From shoegaze and post-rock-elements to cold, mechanical wave and post-punk these gentlemen always used their recordings for conscious shifts and accents on certain vibes. Unlike ILYBICD they are not the guys who just come together from time to time and what they create sounds exactly like you expect it to. They have their trademarks, above all the rhythmic precision and the extroverted (and always a bit exotic sounding) singing. Apart from that, Nobody Wants To Be Here… is remarkably anxious to appeal to a span of emotions: from the Interpol-like beginnings of There’s a girl in the corner to the aching beauty of closing ballad Sometimes I Wished I Could Fall Asleep.

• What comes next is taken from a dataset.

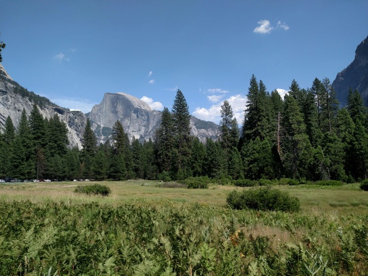 I head out on the free valley shuttle for views of the Lower and Upper Yosemite Falls. The path ways, the falls, and the river are all teeming with people. People working on their selfies and enjoying family moments. After the falls I sardine into the next free shuttle bus. I’ve got my pack on so maneuvering the bus crowds is not easy. After the 50th shove, I get off and wait for a bus to come in the opposite direction. Finally, we’re on our way back to the visitor center/store and the bus breaks down. We all pour off and I walk to the well stocked grocery store where I purchase a Sherman IPA to go with my trusty tortilla and rice lunch. I listen to the numerous languages around me and watch the cheeky ground squirrel look for crumbs. The valley heat has sapped my energy but I head out and finally have a quiet meadow moment.
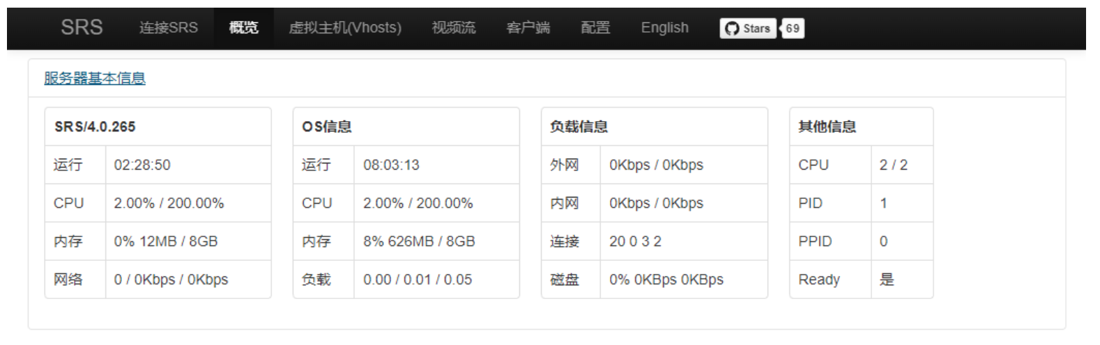 点击 "SRS控制台" 链接,进入控制台进行监控以及各种设置

Shoegazing at the Moonlight
Whereas THE TWILIGHT SAD became mildly famous for the huge walls of sound they created especially on their first recordings, guitarist Andy MacFarlane exercises in subtlety since 2012s No One Can Ever Know. Now, created Nobody Wants To Be Here and Nobody Wants To Leave reduces the moments of massive distortion once again, only the dwelling title-track and the excellent In Nowheres tend to revive the classical shoegaze-vibes. On a more discrete level though, the rest of the songs is highly influenced by it. Especially in the way how MacFarlane carries out his harmonic work within frames of static noises.

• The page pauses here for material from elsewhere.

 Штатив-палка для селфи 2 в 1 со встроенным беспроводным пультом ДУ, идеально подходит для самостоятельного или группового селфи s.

On the other side of the Atlantic, I LOVE YOU BUT I’VE CHOSEN DARKNESS also tend to add a bit of ‘guitar-wall-building’ to their musical microcosm. Just remember the ever floating We Choose Faces from their debut. This time a track like the heavenly Safety floats high above the ground while singer Christian Goyer’s tender vocals guide us through the flight. It’s one of the more uplifting moments on Dust which the band in a recent interview with NOTHING BUT HOPE AND PASSION also described as a bit lighter than their first record. The rest likes to stay in the fragile state between light and darkness, immediately reliving the feeling of the debut and transforming it into the here and now.
United in darkness
Despite coming from different musical environments, CHOSEN DARKNESS and ILYBICD are united by their unconditional love for the dark and desperate corners of art. Apparently, THE TWILIGHT SAD s lyricist James Graham has been through more bleak days than those that led to Nobody Wants To Be Here… . If you think of how strongly its predecessor bound itself to a devastating mixture of post-punk and MANIC STREET PREACHERS‘ Holy Bible, you must admit that this one is blessed with a lot more light and air, delving in more concrete and less metaphorical terrain. THE TWILIGHT SAD ‘s narrative as a band is not the one of a complete downfall in a spiral of increasing misery. It’s more a story of an ongoing struggle.
ILYBICD are quite aware of this struggle. Despite opening quite uplifting and musically close to their self-titled debut EP from 2003, the final songs of Dust speak a different language. 69th Street Bridge drowns in a spherical sea of darkness while The Sun Burns Out as a title himself should work on its own. WAYSD closes the album with a dark and pumping e-bass in finest Peter Hook-tradition before shuffling itself down a road into an unknown future. The rest creates a familiar feeling of understanding and belonging, just like it did years ago. THE TWILIGHT SAD achieve the same. A return to home, even if it’s located in a dark alley. But in the end your home remains the place where your heart is and quite often in life that is a dark one.
The TWILIGHT SAD’s fourth full-length sees the Scots trying to get to terms with their own destiny. ‘Nobody Wants To Be Here…’ condenses their output in a still irresistible way.
‘Dust’ marks an impressive return of I LOVE YOU BUT I’VE CHOSEN DARKNESS who haven’t lost their dark magic in these past eight years as they re-activate the sinister spirit of their debut.